2023-12-18 14:27:08
The STF – Federal Supreme Court decided on November 29th that the LC – Complementary Law that regulated the collection of Difal/ICMS – Tax Rate Differential on the Circulation of Goods and Services did not create or increase a new tax, which is why which the annual precedence should not be applied to it.
The Difal/ICMS is the difference between the percentage of tax charged in the State of destination of the merchandise, internal rate, provided for in state law, and the percentage charged in operations involving the movement of goods between States, interstate rate, provided for in a Resolution of the Federal Senate .
“The charge is used to balance the distribution of taxes in interstate transactions, dividing the charge between the state of origin of the company or industry and the state of the consumer. It was introduced by EC – Constitutional Amendment 87/2015 and was regulated by an agreement from Confaz – National Council for Financial Policy”, explains Angel Ardanaz, lawyer at Ardanaz Law Firm and University Professor in the disciplines of Business Law and Tax Law.
The majority decision was taken in the judgment of ADIs – Direct Unconstitutionality Actions 7,066, 7,070 and 7,078, which debate the period that States must wait to charge the ICMS rate differential in interstate operations when the end consumer is not a tax payer.
ADI 7,066 was filed by Abimaq – Brazilian Association of Machinery Industry and requested the suspension of the effects of the 2022 complementary law, stating that the principles of annual and nonagesimal precedence prevent collection during this year. According to the association, the amounts should only be collected from January 1, 2023.

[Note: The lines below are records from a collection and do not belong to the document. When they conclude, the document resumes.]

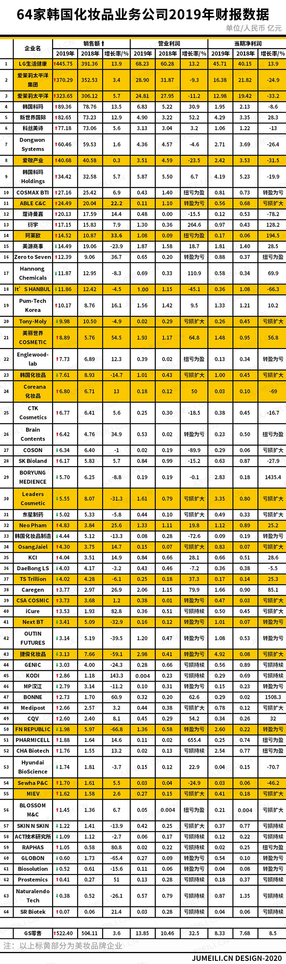 近日,韩国媒体Cosmorning收集并分析了2020开年至今,64家韩国化妆品行业相关企业的2019财年财报数据。
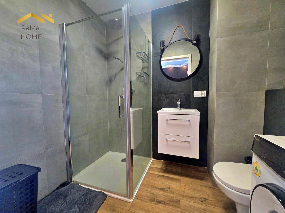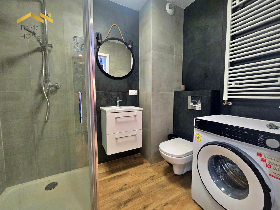 • Łazienka: Nowoczesna, z kabiną prysznicową i pralką.
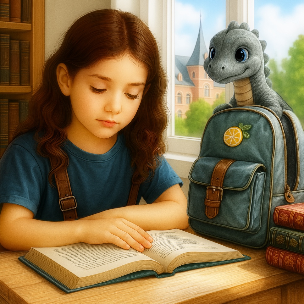 Она бежала по тропинке, чувствуя себя настоящей исследовательницей. Вскоре девочка наткнулась на небольшой грот, спрятавшийся за кустами. У входа валялась лимонная кожура. Любопытство взяло верх, и Лия осторожно заглянула внутрь. Грот оказался неглубоким, и в дальнем углу среди округлых валунов Лия увидела серого динозаврика с длинной шеей и большими голубыми глазами.
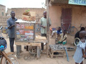 Paul, nuestro casero del terreno donde está la actual maternelle, que tiene un taller mecánico, ha puesto en marcha con la ayuda de la FAR una nueva parte de su negocio: la venta de piezas de recambio. Ahora las gentes del barrio de Rimkieta pueden ir a su taller a comprar algunas piezas sin tener que salir del barrio y sobre todo, él puede hacer las reparaciones
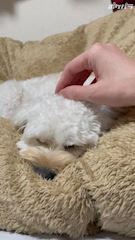人の布団を陣取る犬🐶
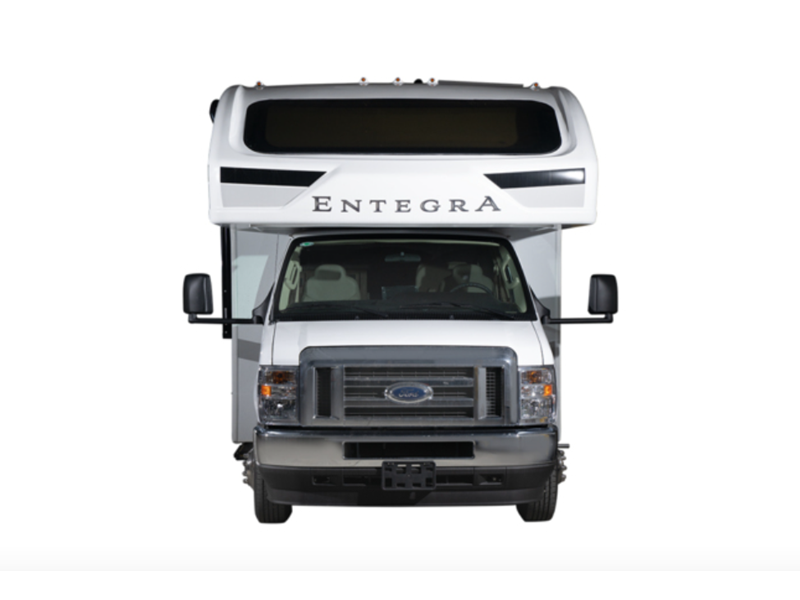 Each is equipped with E-Z Drive which is a computer-balanced driveshaft, with standard front and rear stabilizer bars, Hellwig helper springs, and rubber isolation body mounts. Some construction features include a one-piece, seamless fiberglass front cap with an automotive-bonded panoramic window and power shade, TuffShell vacuum-bond laminated sidewalls and floor, plus bead-foam insulation. The interior offers a custom-molded ABS surround in the cab-over area with overhead bunk for extra sleeping space, an 84-inch ceiling height for spacious living, LED-lit kitchen countertops, and the Entegra-exclusive easy-operation legless dinette table for more leg room.
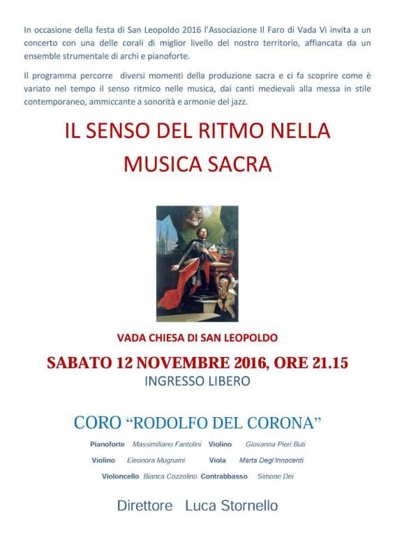 In occasione della Festa di San Leopoldo 2016 l'Associazione Il Faro di Vada Vi invita a un concerto con una delle corali di miglior livello del nostro territorio, affiancata da un ensemble strumentale di archi e pianoforte.
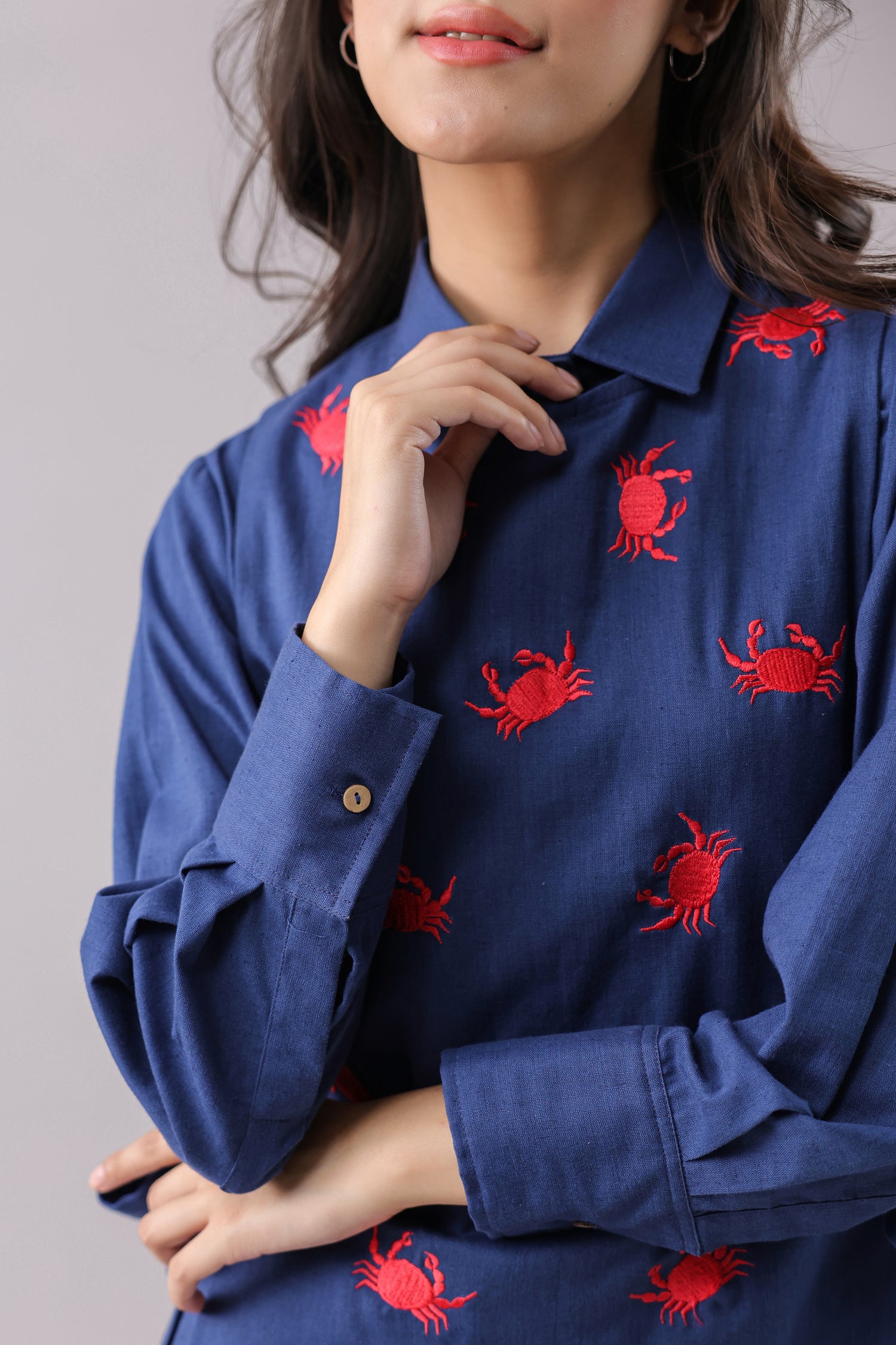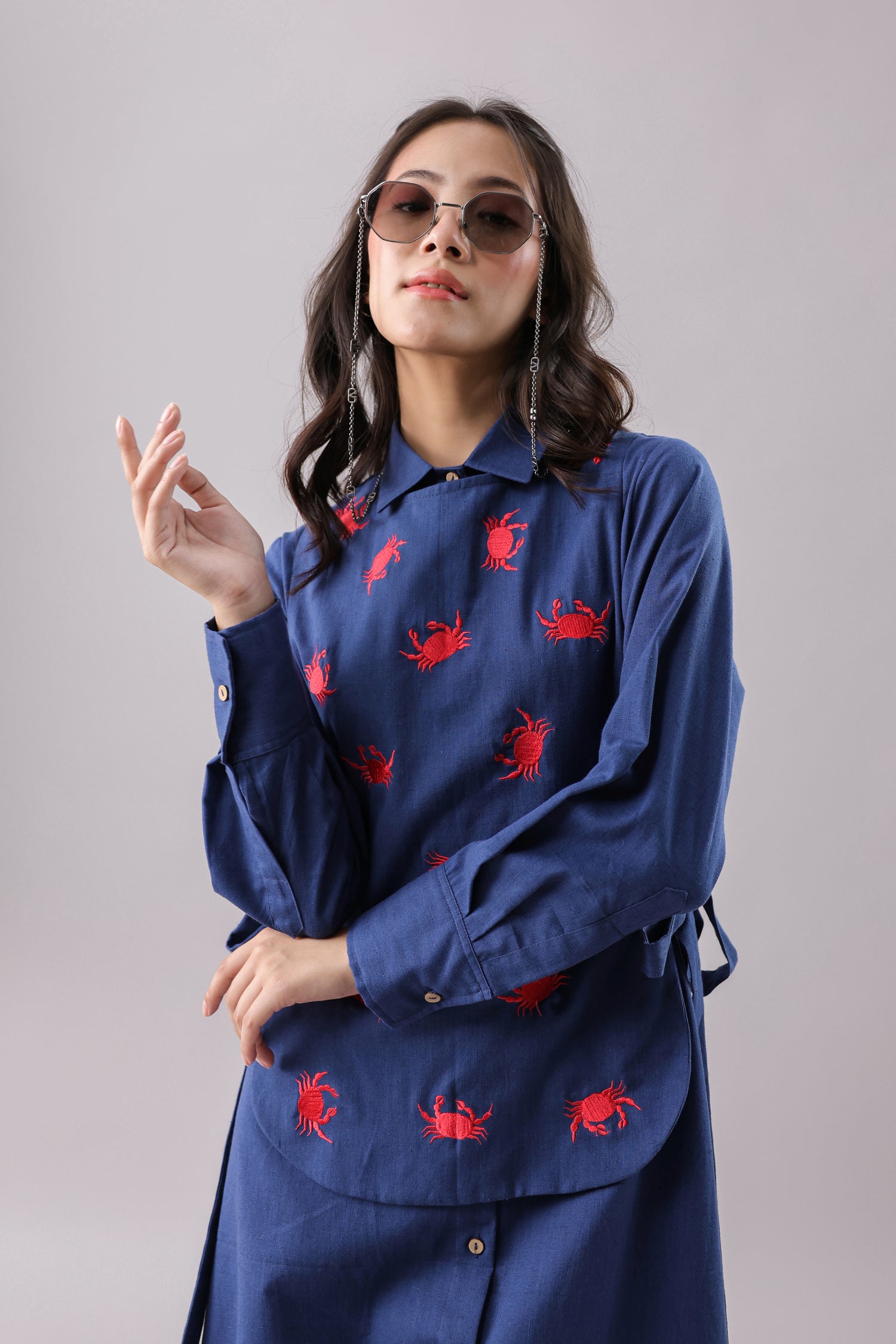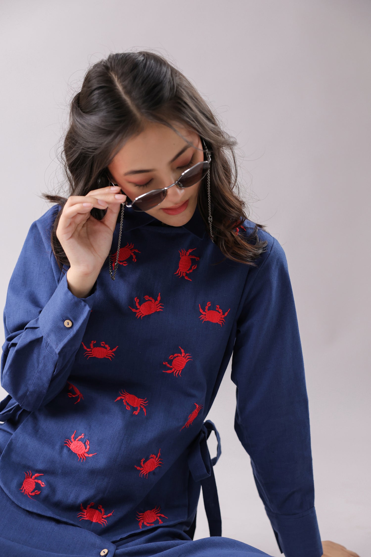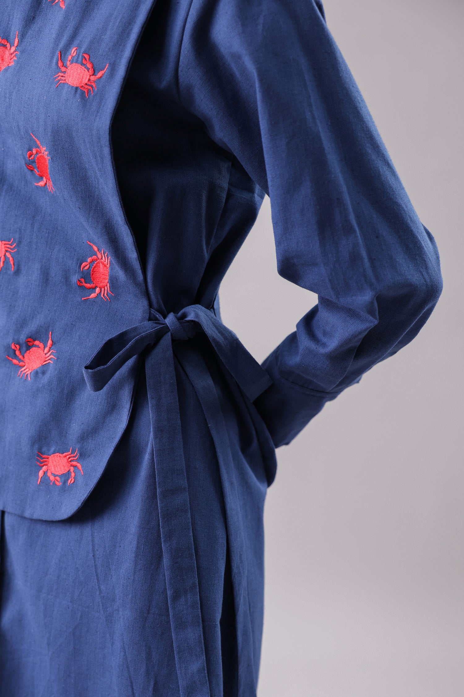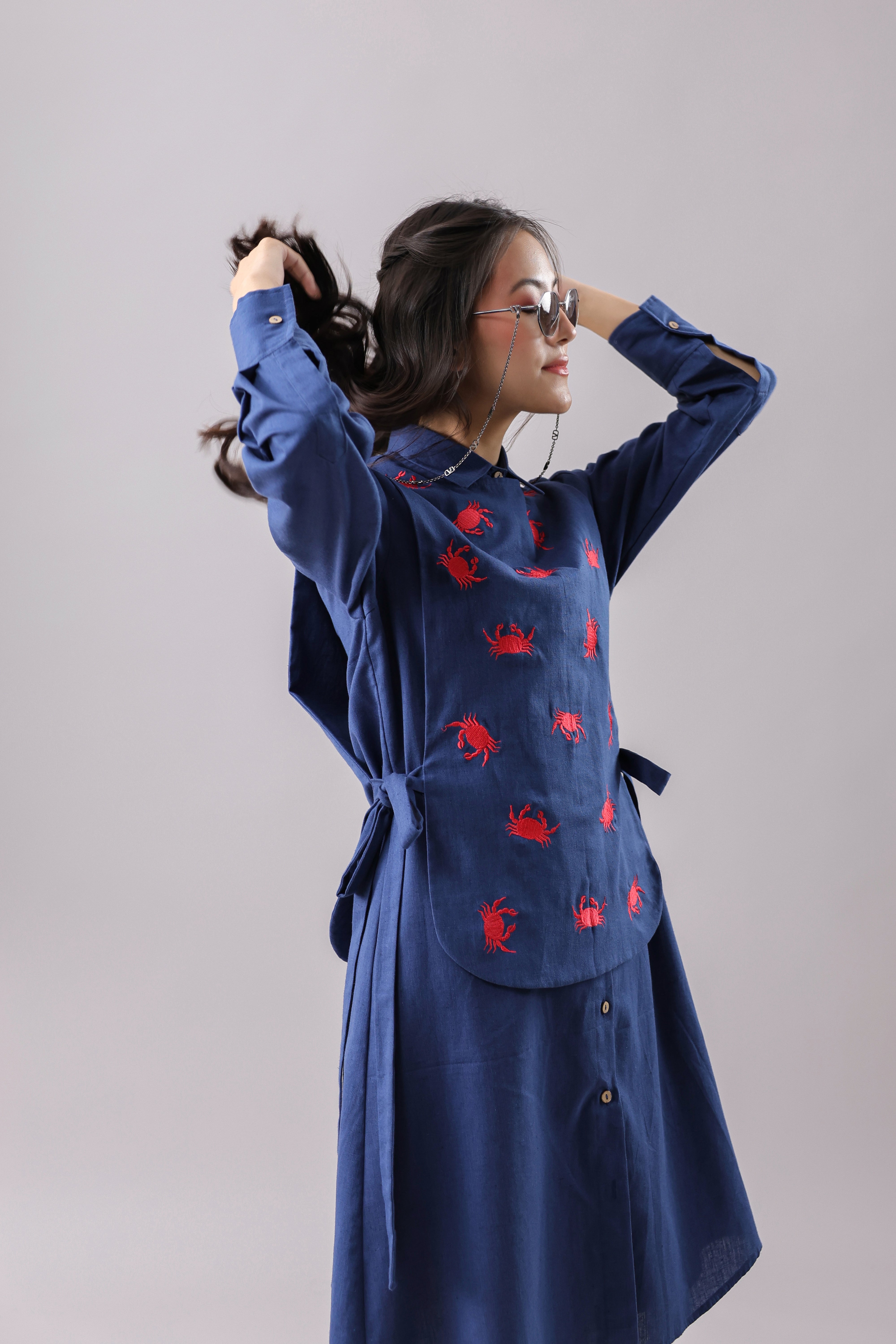 Vermillion crabs embroidered bib, lined and side bow tie-up fastening.
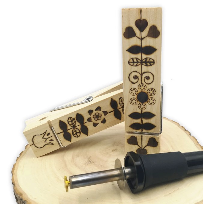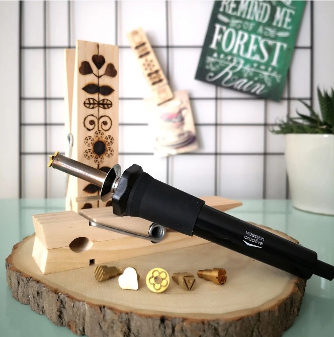 Com esta ferramenta de pirógrafo da Vaessen Creative, pode gravar nomes, escrever belas citações e criar desenhos rústicos em todo o tipo de objetos, como tábuas de corte de madeira, bandejas, colheres de servir, molduras e até caixas para pássaros!
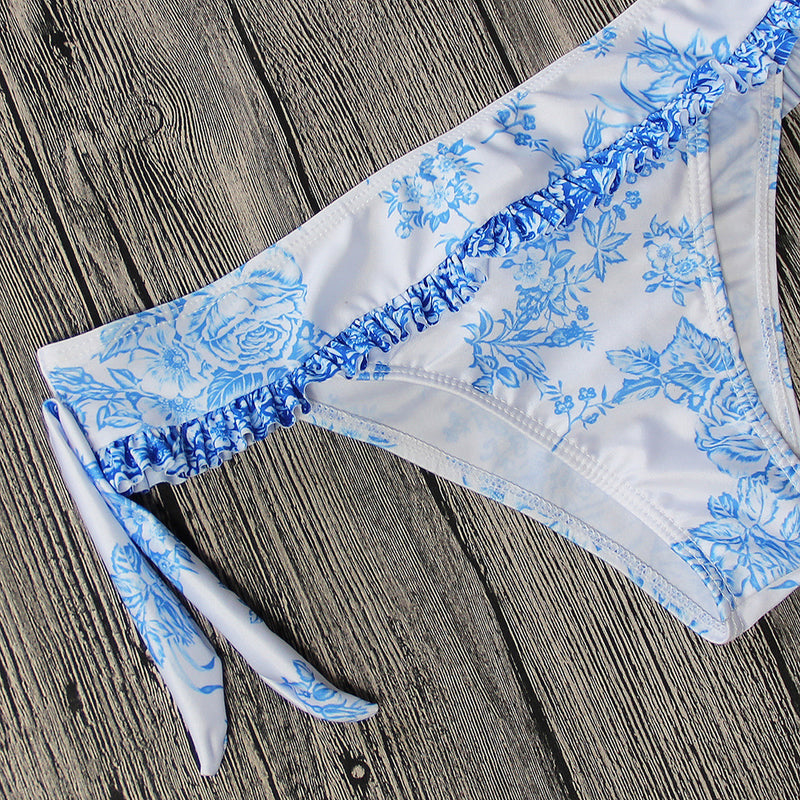 Criss Cross free- adjustable back tie Halter Top Detailed Ruffle with boho vibes Seamless and Sexy Cheeky Bottoms with a Low Cut Rise Soft Blue, Floral, Printed Design
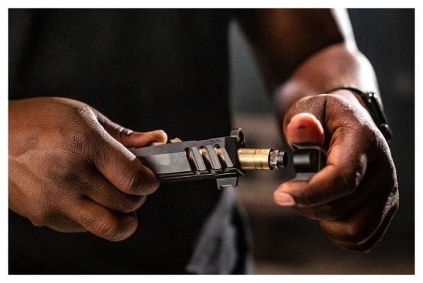 “Even if you have the best comp in the world that results in virtually zero felt recoil, it’s still a simple fact that most compensated guns are difficult to disassemble for routine maintenance. This was top of mind for us as we developed the FN compensator,” said Chris Johnson, Senior Product Manager, Pistols, for FN America, LLC. “Our team evaluated the more traditional attachment methods but opted to explore something new so that customers who purchased a CC Edge pistol would be able to disassemble both the pistol and compensator quickly for easy maintenance. Ultimately, we settled on this quick detach design that uses a compressed spring and lock ring within the compensator that mates to locking lugs cut into the barrel. It’s a future-forward idea and we’re excited about the potential impacts this has for our industry for other barrel attachments.”
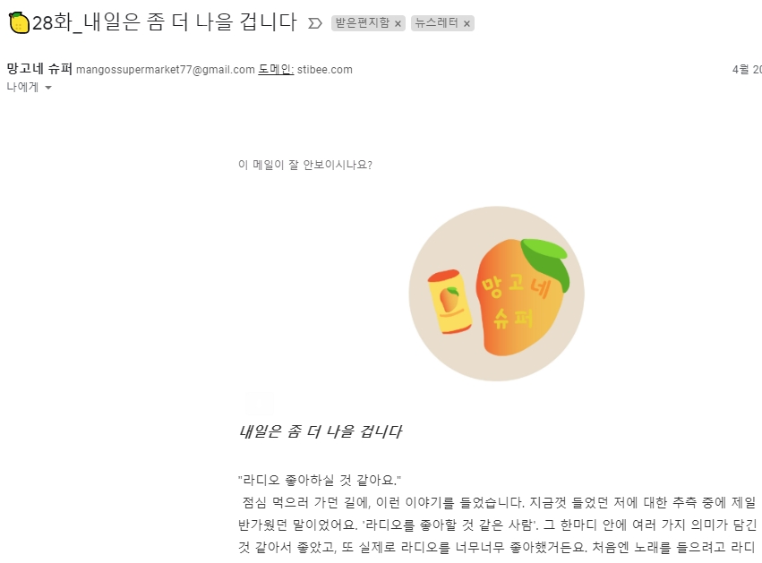 뉴스레터 서비스명도 '망고네 수퍼'입니다.   서비스명과 메일 제목이 잘 매칭되는 것을 알 수 있습니다.
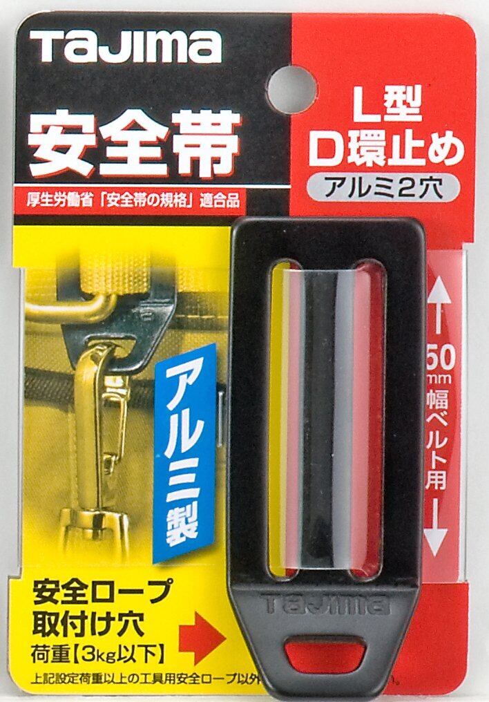 タジマ 安全帯 L型D環止め(アルミ2穴・ブラック) ベルト幅50mm用 軽量なアルミ製 安全ロープ取り付け穴付 TA-LAD2BK

ADI 7,070 was filed by the state of Alagoas and requested the collection of Difal/ICMS from 2022, without observing the annual and nonagesimal precedence. Finally, ADI 7,078, from Ceará, requested the charge from January 2022, also with the argument that the ninety-simal and annual precedence do not fit in the specific case.
“We therefore have, on one side, industry and commerce associations that argued that the charge might only be required in 2023. On the opposite side, the States pointed out concern regarding the drop in revenue without the Difal/ICMS charge in 2022”, it says Ardanaz.
In February 2021, the STF decided that this compensation mechanism would have to be regulated through an LC. In December 2021, LC 190 was approved, but the presidential sanction only occurred on January 4, 2022, which gave rise to the discussion regarding the beginning of its validity.
The law that regulated Difal/ICMS, published on January 5, 2022, provided for the application of the Constitution’s rule that says that one must wait ninety days for the charge to be made, the so-called nonagesimal precedence, but said nothing regarding the application of the rule that requires waiting for the beginning of the following year to start charging a new tax, the so-called annual precedence.
In the analysis of the actions, the understanding of the majority of ministers prevailed, that the precedent deadlines provided for in the Constitution do not apply to the case, as the complementary law did not create or increase taxes, but only established a rule for the distribution of tax revenue. .
“However, the deadline established by law must be observed, as it seeks to guarantee greater predictability for the taxpayer”, concludes Ardanaz.